Note: I even like haskell and ML for native code. If ML was a bit more stable and had an industry focused, I would have heavily pushed it at google as a replacement for C++. It's about powerful high-level langauges replacing low-level languages. Imperative Java/C++ etc. are the Assembly of today (Yes that's an overly strong statement to which I only agree in part).
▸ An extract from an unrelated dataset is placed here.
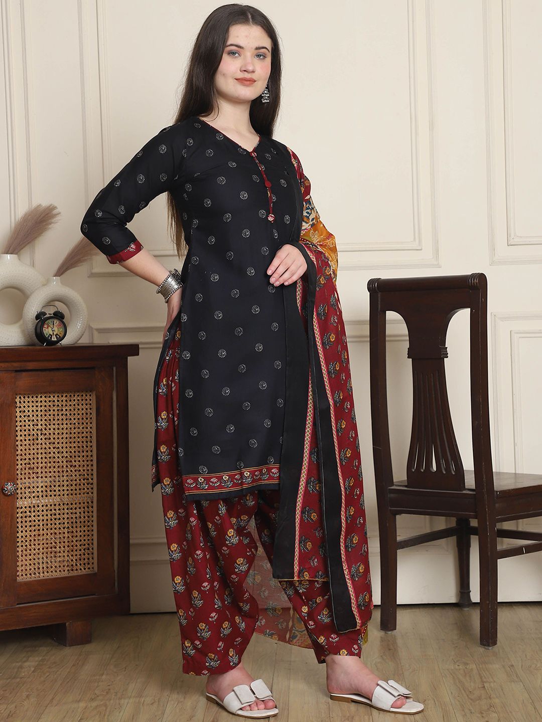 Dhiyona KL Floral Printed V-Neck Straight Kurta With Patiala & Dupatta

@Jason + @Jesper - EXACLTY! Those of us who use Scala aren't surprised by some these comments, as we've been living them. We're taking these all very seriously and working in that direction. I can't wait for the future of Scala, since I think optimisations and performance will just improve over time. @Jason you bring up a lot of good points. I hope to see such things in the future. My part in this is getting our test suite to the point where we can check these optimisations on an ongoing basis to ensure that we have both micro-throughput on certain classes of optimisation and *macro* (total-runtime) throughput improvements...

Josh Marcus said...

As someone who has worked on a high performance Scala application for over a year now, and who has brought up performance of this kind as a pain point with Typesafe folks before, I have to say that I've never gotten the impression that generating optimized byte code was a core priority of the core Scala developers. To the contrary, my sense from the mailing list is that the general stance has been that HotSpot will optimize away the pain points, which more often than not turns out to not really be a sufficient answer (and is frustrating).

It's not surprising that optimizing core loops takes low-level magic and hackery, but I think it's fair to say that optimization and performance has not appeared as a significant priority of those moving Scala forward. And that can be very painful to those of us working through optimization pain on our own projects.

Another good question: where are these optimization pointers listed, and are they really consistent (or tested) from version to version?

All of that said, your main point is absolutely true. And while I need to iterate over large collections (which, in the end, have to be arrays) quickly, it's true that most programming doesn't require that.

But, for all of its flaws, micro-optimization could use some love.

Anonymous said...

To be honest, this laundry list of pitfalls and caveats brings bad very ugly memories of similar lists for C++ a decade ago.

Not a good sign...

I root for you, guys, and I hope you can pull Scala out of the hole it's slowly sinking into, but I'm growing more and more disillusioned that Scala can be salvaged at this point.

Anonymous said...

@Josh - The fact that the Typesafe folks reached out to Coda @ Yammer (and are continuing to work with him) shows they have at least some interest in the performance problems.

@Anonymous - "...this laundry list of pitfalls and caveats brings bad very ugly memories of similar lists for C++ a decade ago." Hmmm... people were complaining about Java's performance a decade ago. You'll have to go back 2 decades for C++'s dirty laundry. And three decades for C. See a pattern?

Anonymous said...

While some "grow disillusioned," others produce astonishing results that are simply impossible to do in Java. After programming in C (since 1985), then C++, then Java, and now Scala, and having used Scala as much as possible for the past several years, I have to say that working in Java is like eating at McDonald's instead of Ruth's Chris Steak House. You won't starve at either, but one will certainly be a heck of a lot more enjoyable.

Perspectives on Technology, Software Development and Life said...

I think it feels like history repeating itself. People looked at Java 1 and they said Wow that's nice and then there were detractors who would say, hey but C++ is faster, I can get people to code C++ and so on..and then Java improved on performance after until Java 5. I think the fact that people are now finding problems with performance of some of the Scala constructs is next step in the evolution of language because they are now zooming in on specifics. Once these set of problems are fixed for them..they will zoom in again find more problems. Thats where probably Typesafe would have to work hard day and night to fix all these or come up with Effective Scala(?).